How can I ensure the string is properly terminated?
Is there a better and more reliable way to go about parsing char[][]
into char[]
?
#include <stdio.h>
int main(int argc,char *argv[]){
char cmd[255]="tcc\\tcc.exe ";
char**ptr=argv+1;
while(*ptr){
strcat(cmd,*ptr);
++ptr;
if(*ptr)cmd[strlen(cmd)]=' ';
}
printf("cmd: ***%s***\n",cmd);
system(cmd);
}
I just discovered and corrected another flaw in this code, a system commands needs (escaped) backslashes for file paths
Upvotes: 0
Views: 867
Reputation: 57453
This instruction:
if(*ptr)
cmd[strlen(cmd)]=' ';
else
cmd[strlen(cmd)]='\0';
will break cmd
, because it will overwrite its zero termination. Try instead:
l = strlen(cmd);
if (*ptr) {
cmd[l++] = ' ';
}
cmd[l] = 0x0;
This will append a space, and zero terminate the string. Actually, since it is already zero terminated, you could do better:
if (*ptr) {
int l = strlen(cmd);
cmd[l++] = ' ';
cmd[l ] = 0x0;
}
A better alternative could be this:
int main(int argc, char *argv[])
{
char cmd[255]="tcc/tcc.exe";
char **ptr=argv+1;
for (ptr = argv+1; *ptr; ptr++)
{
strncat(cmd, " ", sizeof(cmd)-strlen(cmd));
strncat(cmd, *ptr, sizeof(cmd)-strlen(cmd));
}
printf("String: '%s'.\n", cmd);
return 0;
}
We use strncat()
to check that we're not overrunning the cmd
buffer, and the space gets applied in advance. This way there's no extra space at the end of the string.
It is true that strncat()
is a mite slower than directly assigning cmd[]
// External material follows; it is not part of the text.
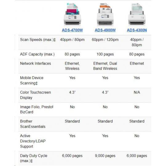 | Included Software‡ | Kofax PaperPort™ SE with OCR for Windows, Brother ScanEssentials for Windows, Brother Mobile Connect for iOS and Android™, Brother iPrint&Scan (desktop) for Windows and Mac® |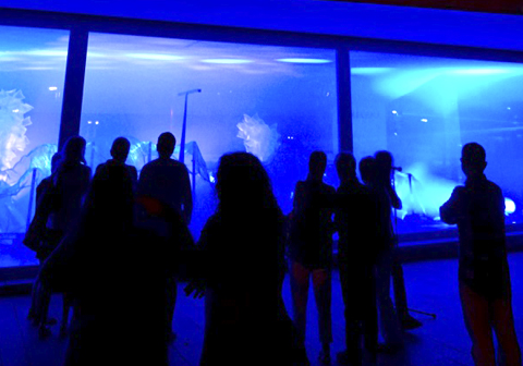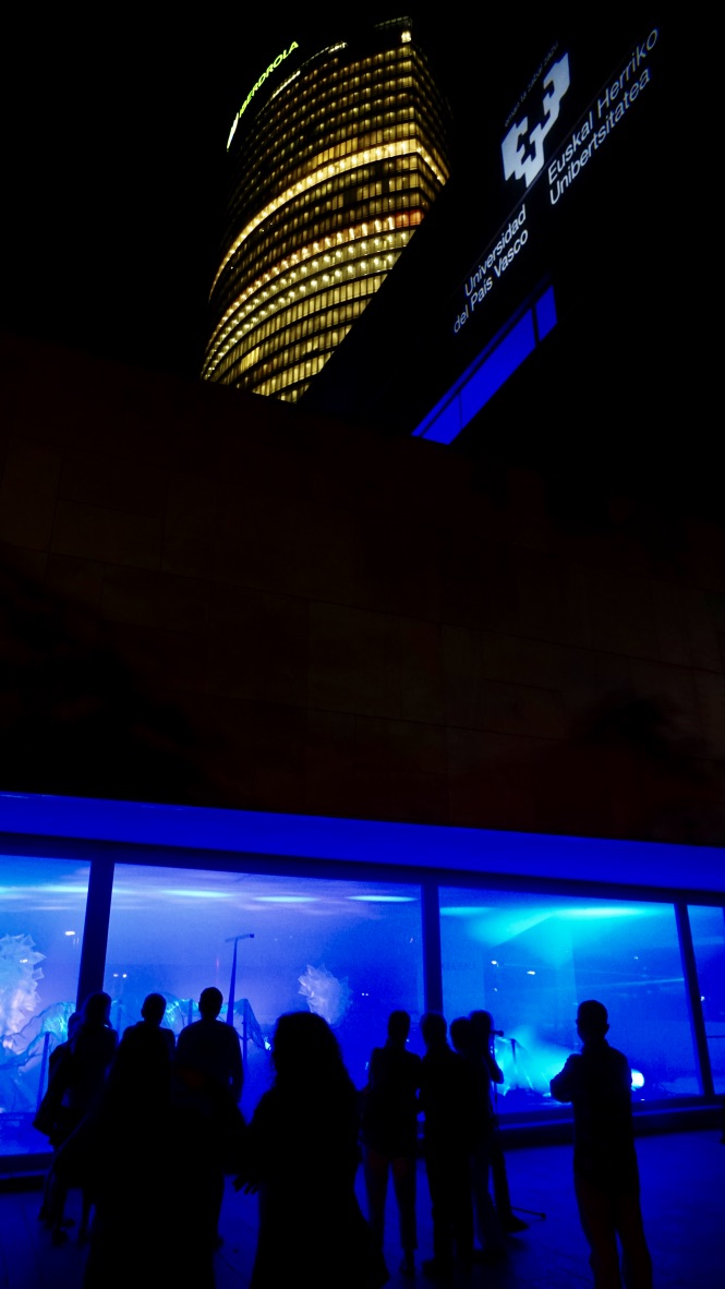 Con motivo de la celebración de la Noche Blanca de Bilbao, el alumnado del Máster de Arte Contemporáneo Tecnológico y Performativo de la Facultad de Bellas Artes de la Universidad del País Vasco/Euskal Herriko Unibertsitatea proyectó la obra de escenografía lumínica ‘El jardín de las luciérnagas' sobre la fachada de Bizkaia Aretoa, un espectáculo de luz que interaccionaba con el numeroso público que se acercó a contemplar la pieza.

, but factoring the safety and debugging time, I think it's worthwhile.
OK, so let's try to do this fast. We keep track of what cmd
's length ought to be in a variable, and copy the string with memcpy()
which is slightly faster than strcpy()
and does neither check string length, nor copy the extra zero at end of string.
(This saves something - remember that strcat()
has to implicitly calculate the strlen
of both its arguments. Here we save that).
int main(int argc, char *argv[])
{
#define MAXCMD 255
char cmd[MAXCMD]="tcc/tcc.exe";
int cmdlen = strlen(cmd);
char **ptr=argv+1;
for (ptr = argv+1; *ptr; ptr++)
{
/* How many bytes do we have to copy? */
int l = strlen(*ptr);
/* STILL, this check HAS to be done, or the program is going to crash */
if (cmdlen + 1 + l + 1 < MAXCMD)
{
/* No danger of crashing */
cmd[cmdlen++] = ' ';
memcpy(cmd + cmdlen, *ptr, l);
cmdlen += l;
}
else
{
printf("Buffer too small!\n");
}
}
cmd[cmdlen] = 0x0;
printf("String: '%s'.\n", cmd);
return 0;
}
It is possible to try and be smarter than the compiler's usually built-in strlen
and memcpy
instructions (file under: "Bad ideas"), and do without strlen() altogether. This translates into a smaller inner loop, and when strlen
and memcpy
are implemented with library calls, much faster performances (look ma, no stack frames!).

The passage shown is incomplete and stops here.